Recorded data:

◇ ◇ ◇ ◇ ◇

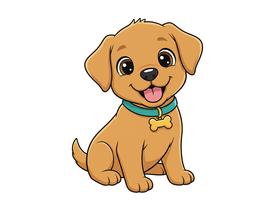 An adorable, sitting, cartoon-style Labrador or Golden Retriever puppy illustration with tan/brown fur, wearing a teal-blue collar with a bone-shaped tag.
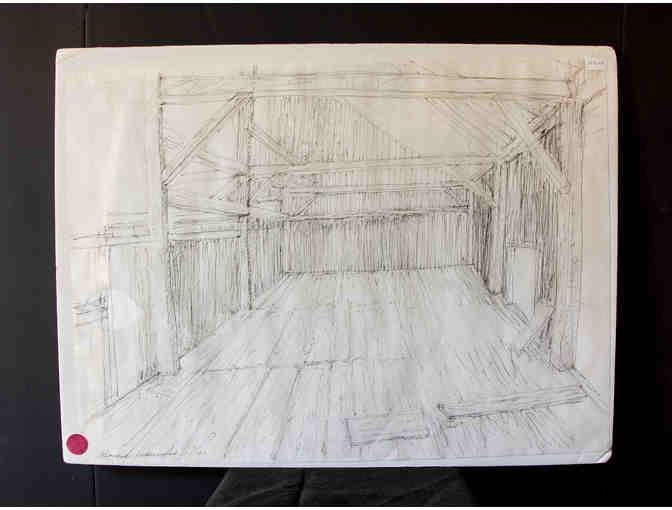 Williams Barn, Groton MA, Interior View - Original Pen & Ink Drawing by Bayard Underwood
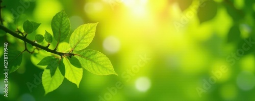 Soft, sunlit bokeh of green leaves and branches , summer, soft, leaves
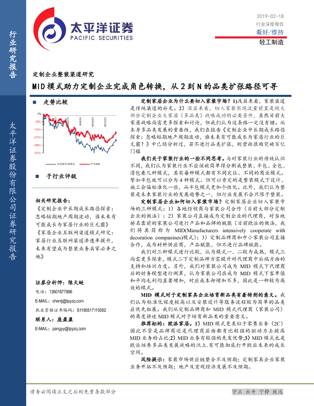 【太平洋证券】【20190218】20190218-太平洋-轻工制造行业深度报告:定制企业整装渠道研究-MID模式助力定制企业完成角色转换,从2到N的品类扩张路径可寻-26页
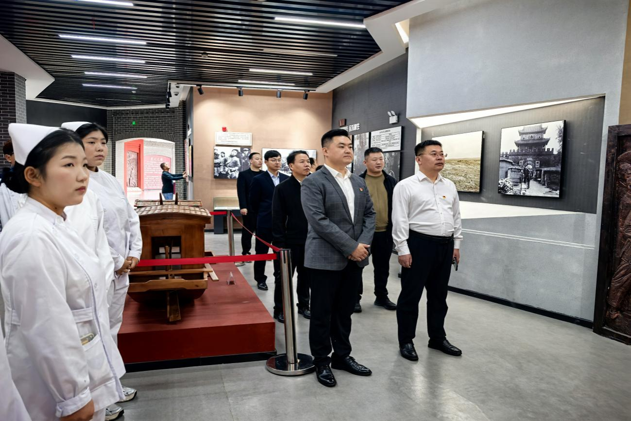 张博文一行在郭屯镇党委书记张贵芳及相关同志的陪同下,参观了具有重要历史意义的中共九都杨支部纪念馆。在庄严肃穆的氛围中,大家认真聆听讲解,观看历史文物和资料,深刻感悟革命先辈坚定的理想信念和艰苦奋斗的精神,接受了一次深刻的党性教育和思想洗礼,进一步激发了大家赓续红色血脉、担当时代责任的历史使命感。
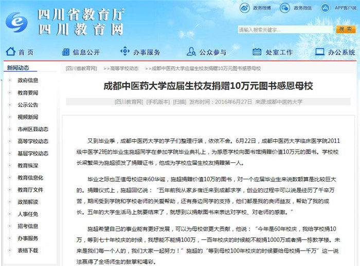 毕业之际也正值母校迎来60华诞,施超捐赠价值10万的图书,对一个应届毕业生来说数额算是比较巨大的。捐赠仪式上,施超回忆说:“五年前我从家乡宿迁来到成都求学,创业的过程中可以说是经历了千辛万苦,期间受到学院和学校老师的关爱帮助,还有身边同学的支持,他们都是我的良师益友,帮助了我的成长。五年的大学生活马上就要结束了,就想到以捐献图书来表达对学校、对老师的感激。”
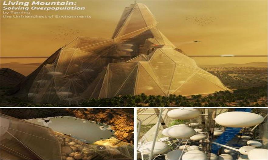 這座“居住山”是為了讓人們避免由于全球變暖帶來的土地沙漠化危害而設(shè)計的,這一概念模型設(shè)計是來自Evolo摩天樓設(shè)計大賽的作品。根據(jù)設(shè)計,它將為世界上環(huán)境最惡劣地區(qū)之一——中國西北部的塔克拉瑪干沙漠——提供一個可居住的沙漠綠洲。在這座人造山形建筑中,可以創(chuàng)造自己的微氣候環(huán)境。這一超級建筑包括許多2000平方英尺的“居住倉”、通過提取地下水和收集雨水形成的人造湖。這些重疊的山脈建筑通過纜車進(jìn)行交通聯(lián)絡(luò)。
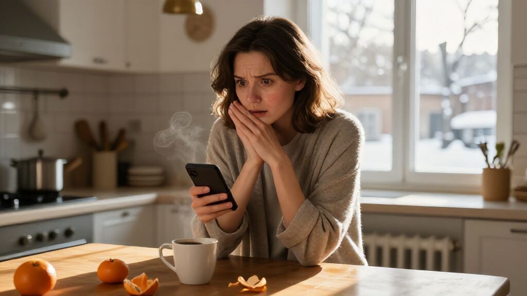 В кухне витал густой аромат свежесваренного кофе, смешанный с легкой кислинкой мандаринов, которые Анна чистила на деревянной доске. Утреннее солнце пробивалось сквозь тонкие занавески, отбрасывая золотистые блики на белую столешницу, усыпанную оранжевыми кожурами. Она стояла у окна, рассеянно глядя на двор, где соседские дети гоняли мяч по мокрой после ночного тумана траве. Телефон в кармане фартука завибрировал, и Анна вытерла руки о ткань, прежде чем ответить.
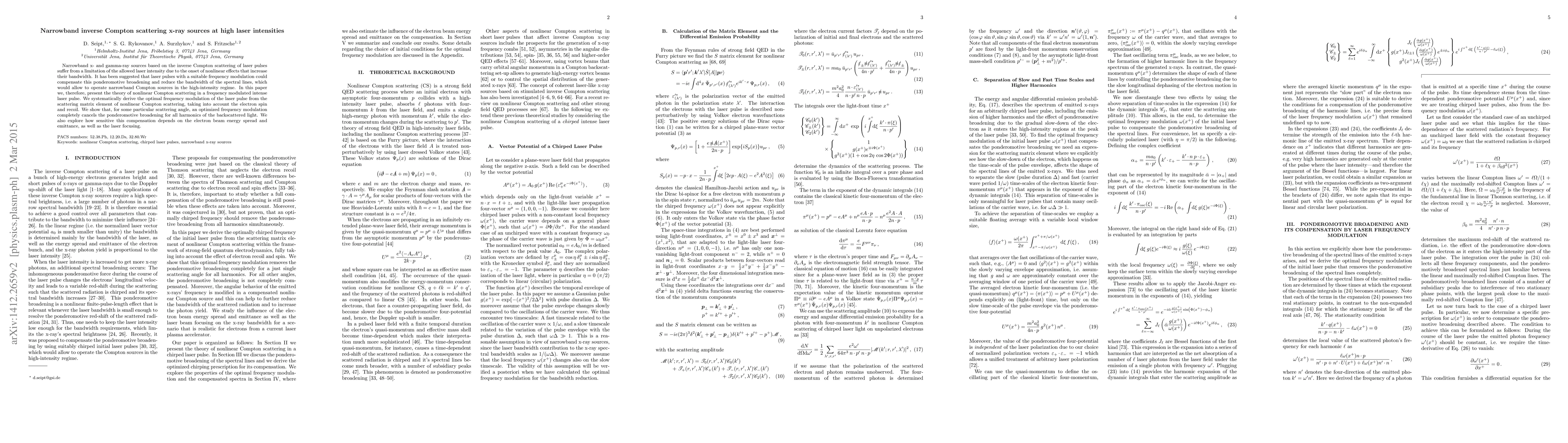 This paper presents a theoretical framework for nonlinear Compton scattering in frequency modulated high-intensity laser pulses, aiming to reduce the bandwidth of narrowband x-ray sources. It derives optimal frequency modulation to cancel ponderomotive broadening, considering electron spin and recoil, and examines the sensitivity to beam and laser parameters.
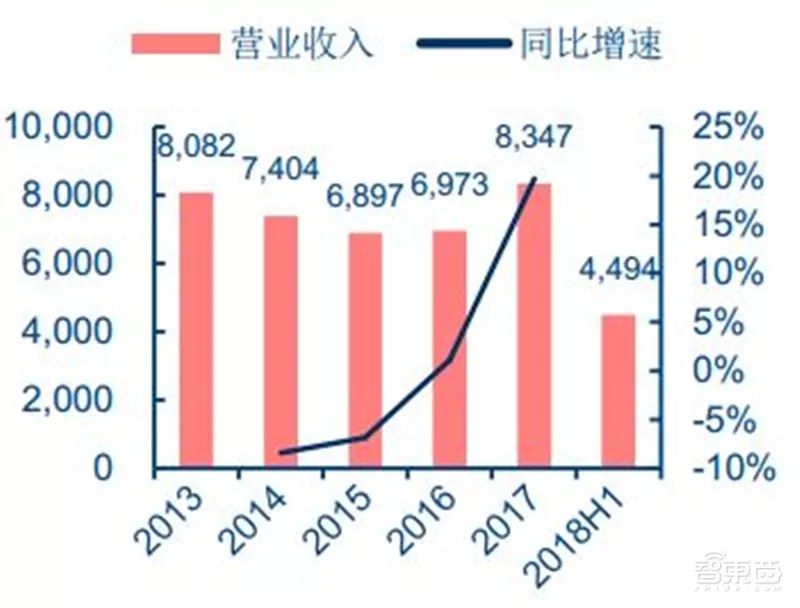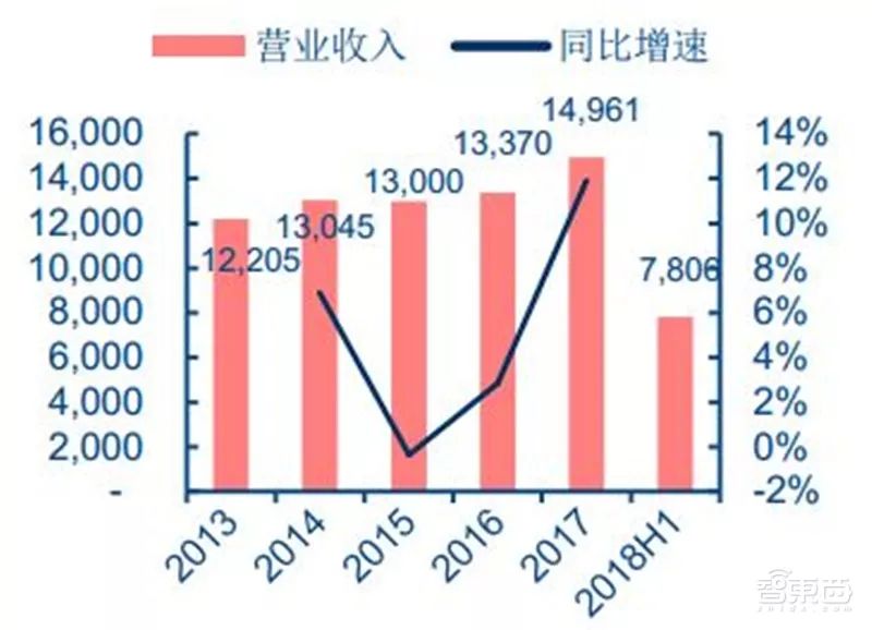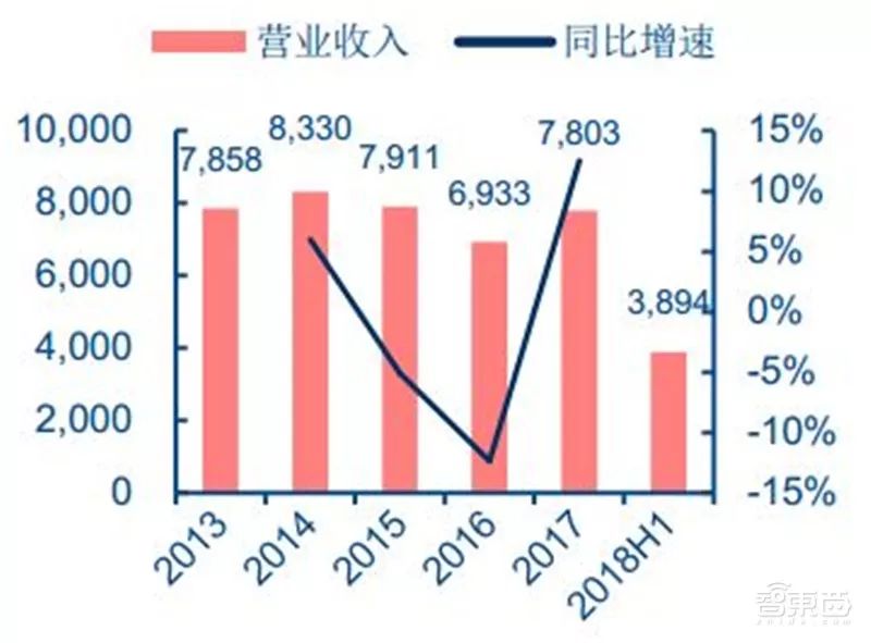 英特尔传统业务增长乏力,进军汽车领域创造业绩新增长点。英特尔曾经是世界上最大的半导体芯片制造商。据 PassMark 统计,2017Q1 英特尔占据全球 CPU 行业的市场份额为 80%。近年随着智能手机的兴起与个人电脑市场的景气降低,芯片主业收入增速明显下降,公司营业收入被三星电子超越。公司曾尝试生产了手机处理器但最后表现失利,并不得不解散了负责该业务的部门。近年来,英特尔通过大量收购积极布局无人驾驶、物联网、人工智能、VR 等新兴领域,创造业绩的新增长点,力图实现从传统芯片制造商向多元解决方案提供商转型。
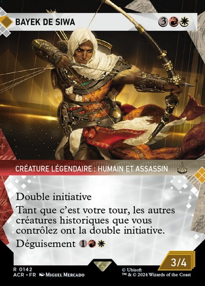 | Rules | Double strike As long as it's your turn, other historic creatures you control have double strike. Disguise (You may cast this card face down for as a 2/2 creature with ward . Turn it face up any time for its disguise cost.) |
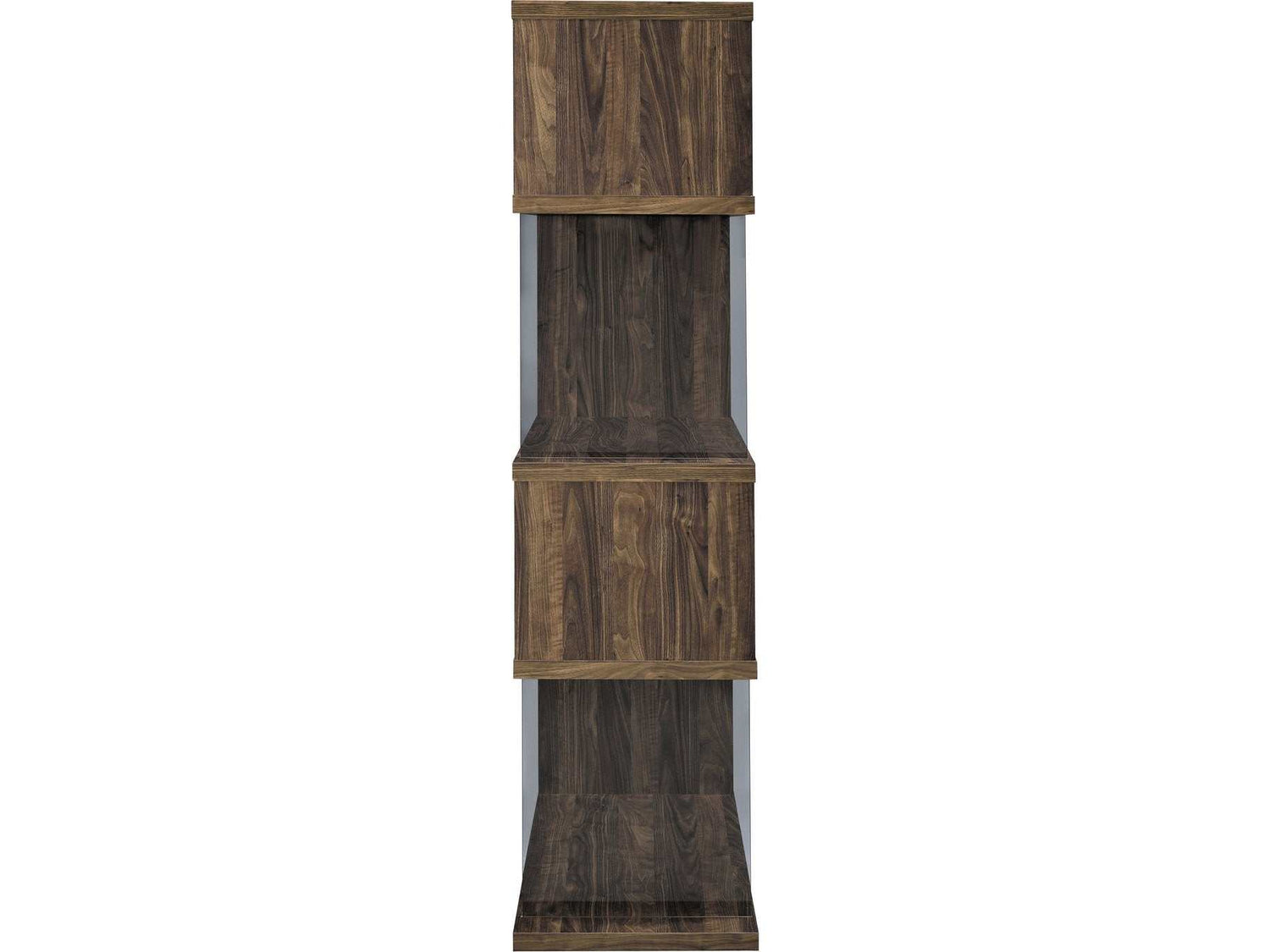 Elegant, asymmetrical lines merge to create this contemporary bookcase, a perfect additional way to showcase items in a room. Five open shelves in an aged walnut finish lend a mid-century vibe, supported by semi-transparent, smoked glass side panels that lend a modern flair. Perfect for home offices, living rooms, and much more, this zig-zag design bookcase showcases book collections, decor, and other favorite items for all to see. With a flush base, this open bookcase unit rests sturdily and securely on the floor. Clean lines and an impressive jagged appearance lend a focal point to any room.
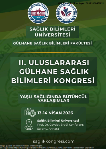 Sağlık Bilimleri Üniversitesi Gülhane Sağlık Bilimleri Fakültesi tarafından 13-14 Nisan 2026 tarihinde “Yaşlı Sağlığında Bütüncül Yaklaşımlar” temalı II. Uluslararası Gülhane Sağlık Bilimleri Kongresi düzenlenecektir.
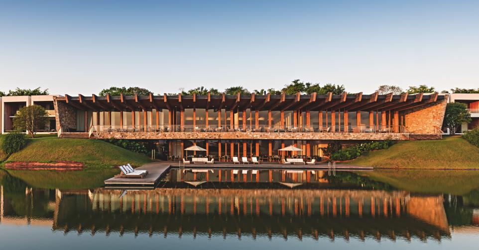 Met de strakke, modernistische lijnen van architect Isay Weinfeld contrasteert het gebouw bewust met de omliggende natuur. Dat spanningsveld wordt verzacht door het gebruik van duurzame materialen en een sober, minimalistisch interieur, waarin alle aandacht naar het landschap rondom gaat.
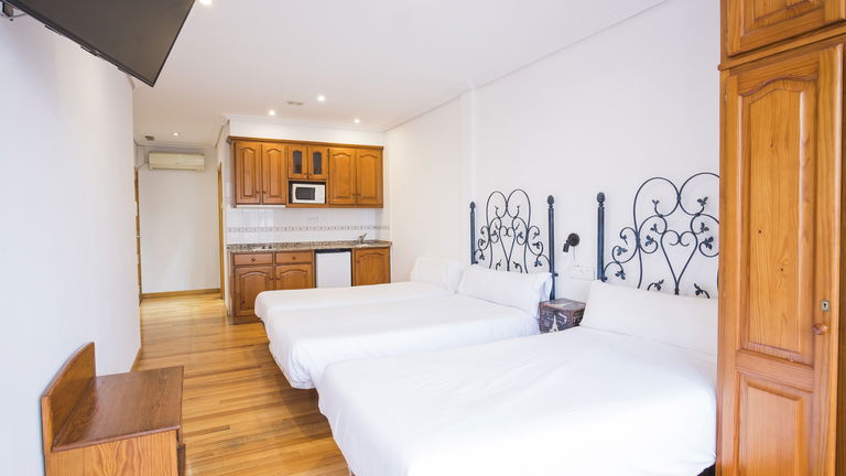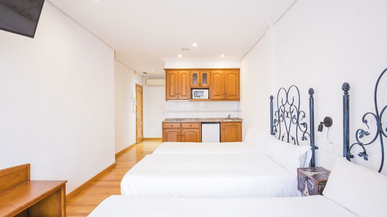 Dispone de dos camas de 90 cm y un sofá cama de 80 cm, cocina equipada, armario, escritorio, TV de pantalla plana, baño privado (ducha o bañera), conexión Wi-Fi gratuita.

◇ ◇ ◇ ◇ ◇

### What the task requires
None of the pictures should be carried over when the data above is transcribed exactly.

### Solution below
 An adorable, sitting, cartoon-style Labrador or Golden Retriever puppy illustration with tan/brown fur, wearing a teal-blue collar with a bone-shaped tag.
 Williams Barn, Groton MA, Interior View - Original Pen & Ink Drawing by Bayard Underwood
 Soft, sunlit bokeh of green leaves and branches , summer, soft, leaves
 【太平洋证券】【20190218】20190218-太平洋-轻工制造行业深度报告:定制企业整装渠道研究-MID模式助力定制企业完成角色转换,从2到N的品类扩张路径可寻-26页
 张博文一行在郭屯镇党委书记张贵芳及相关同志的陪同下,参观了具有重要历史意义的中共九都杨支部纪念馆。在庄严肃穆的氛围中,大家认真聆听讲解,观看历史文物和资料,深刻感悟革命先辈坚定的理想信念和艰苦奋斗的精神,接受了一次深刻的党性教育和思想洗礼,进一步激发了大家赓续红色血脉、担当时代责任的历史使命感。
 毕业之际也正值母校迎来60华诞,施超捐赠价值10万的图书,对一个应届毕业生来说数额算是比较巨大的。捐赠仪式上,施超回忆说:“五年前我从家乡宿迁来到成都求学,创业的过程中可以说是经历了千辛万苦,期间受到学院和学校老师的关爱帮助,还有身边同学的支持,他们都是我的良师益友,帮助了我的成长。五年的大学生活马上就要结束了,就想到以捐献图书来表达对学校、对老师的感激。”
 這座“居住山”是為了讓人們避免由于全球變暖帶來的土地沙漠化危害而設(shè)計的,這一概念模型設(shè)計是來自Evolo摩天樓設(shè)計大賽的作品。根據(jù)設(shè)計,它將為世界上環(huán)境最惡劣地區(qū)之一——中國西北部的塔克拉瑪干沙漠——提供一個可居住的沙漠綠洲。在這座人造山形建筑中,可以創(chuàng)造自己的微氣候環(huán)境。這一超級建筑包括許多2000平方英尺的“居住倉”、通過提取地下水和收集雨水形成的人造湖。這些重疊的山脈建筑通過纜車進(jìn)行交通聯(lián)絡(luò)。
 В кухне витал густой аромат свежесваренного кофе, смешанный с легкой кислинкой мандаринов, которые Анна чистила на деревянной доске. Утреннее солнце пробивалось сквозь тонкие занавески, отбрасывая золотистые блики на белую столешницу, усыпанную оранжевыми кожурами. Она стояла у окна, рассеянно глядя на двор, где соседские дети гоняли мяч по мокрой после ночного тумана траве. Телефон в кармане фартука завибрировал, и Анна вытерла руки о ткань, прежде чем ответить.
 This paper presents a theoretical framework for nonlinear Compton scattering in frequency modulated high-intensity laser pulses, aiming to reduce the bandwidth of narrowband x-ray sources. It derives optimal frequency modulation to cancel ponderomotive broadening, considering electron spin and recoil, and examines the sensitivity to beam and laser parameters.
 英特尔传统业务增长乏力,进军汽车领域创造业绩新增长点。英特尔曾经是世界上最大的半导体芯片制造商。据 PassMark 统计,2017Q1 英特尔占据全球 CPU 行业的市场份额为 80%。近年随着智能手机的兴起与个人电脑市场的景气降低,芯片主业收入增速明显下降,公司营业收入被三星电子超越。公司曾尝试生产了手机处理器但最后表现失利,并不得不解散了负责该业务的部门。近年来,英特尔通过大量收购积极布局无人驾驶、物联网、人工智能、VR 等新兴领域,创造业绩的新增长点,力图实现从传统芯片制造商向多元解决方案提供商转型。
 | Rules | Double strike As long as it's your turn, other historic creatures you control have double strike. Disguise (You may cast this card face down for as a 2/2 creature with ward . Turn it face up any time for its disguise cost.) |
 Elegant, asymmetrical lines merge to create this contemporary bookcase, a perfect additional way to showcase items in a room. Five open shelves in an aged walnut finish lend a mid-century vibe, supported by semi-transparent, smoked glass side panels that lend a modern flair. Perfect for home offices, living rooms, and much more, this zig-zag design bookcase showcases book collections, decor, and other favorite items for all to see. With a flush base, this open bookcase unit rests sturdily and securely on the floor. Clean lines and an impressive jagged appearance lend a focal point to any room.
 Sağlık Bilimleri Üniversitesi Gülhane Sağlık Bilimleri Fakültesi tarafından 13-14 Nisan 2026 tarihinde “Yaşlı Sağlığında Bütüncül Yaklaşımlar” temalı II. Uluslararası Gülhane Sağlık Bilimleri Kongresi düzenlenecektir.
 Met de strakke, modernistische lijnen van architect Isay Weinfeld contrasteert het gebouw bewust met de omliggende natuur. Dat spanningsveld wordt verzacht door het gebruik van duurzame materialen en een sober, minimalistisch interieur, waarin alle aandacht naar het landschap rondom gaat.
 Dispone de dos camas de 90 cm y un sofá cama de 80 cm, cocina equipada, armario, escritorio, TV de pantalla plana, baño privado (ducha o bañera), conexión Wi-Fi gratuita.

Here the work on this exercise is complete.